Mesuring Kernel Performance

shiftreduce · September 28, 2009, 2:09pm

After finishing my kernel (and all the stuff that supports it) I need to evaluate my its performance by doing a few benchmarks and I was wondering what method do you recommend.

Currently I’m just taking the time the kernel ends minus the time it starts in milliseconds directly in the C++ code. I’m not sure though, that this is the best method. I tried with CUDA Prof, but as far as I can tell, it only gives the timestamps where each CUDA Operation started…

What would you suggest as the best option?

E.D_Riedijk · September 28, 2009, 5:43pm

CudaEventRecord(), there are numerous examples in the SDK to use it to do timing of kernel execution.

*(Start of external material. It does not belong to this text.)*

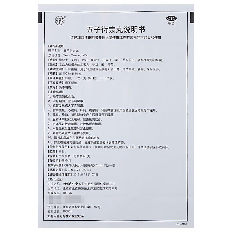 📚 同仁堂 五子衍宗丸 60g*1瓶/盒 补肾益精用于肾虚精亏所致的阳痿

shiftreduce · September 28, 2009, 11:07pm

But are Events the best way to evaluate the overall performance? I mean, right now what I want is to know how long (average) it takes to perform the following code:

copyHostToDevice(host_stream_in, device_stream_in);

kernel<<<1,1>>>(device_stream_in, device_stream_out);

copyDeviceToHost(device_stream_out, host_stream_out);

My doubt is if I should use Events or Wall-Clock time, as although I’m measuring the kernel’s performance, I still need to compare my solution to some similar CPU based one.

Quoc_Vinh · September 29, 2009, 3:48am

I usually using CUDA profiler to measuring executed time. In the reports (*.csv) file, you need to pay attention at the tree columns “timestamp”, “gputime” and “cputime” (microsecond).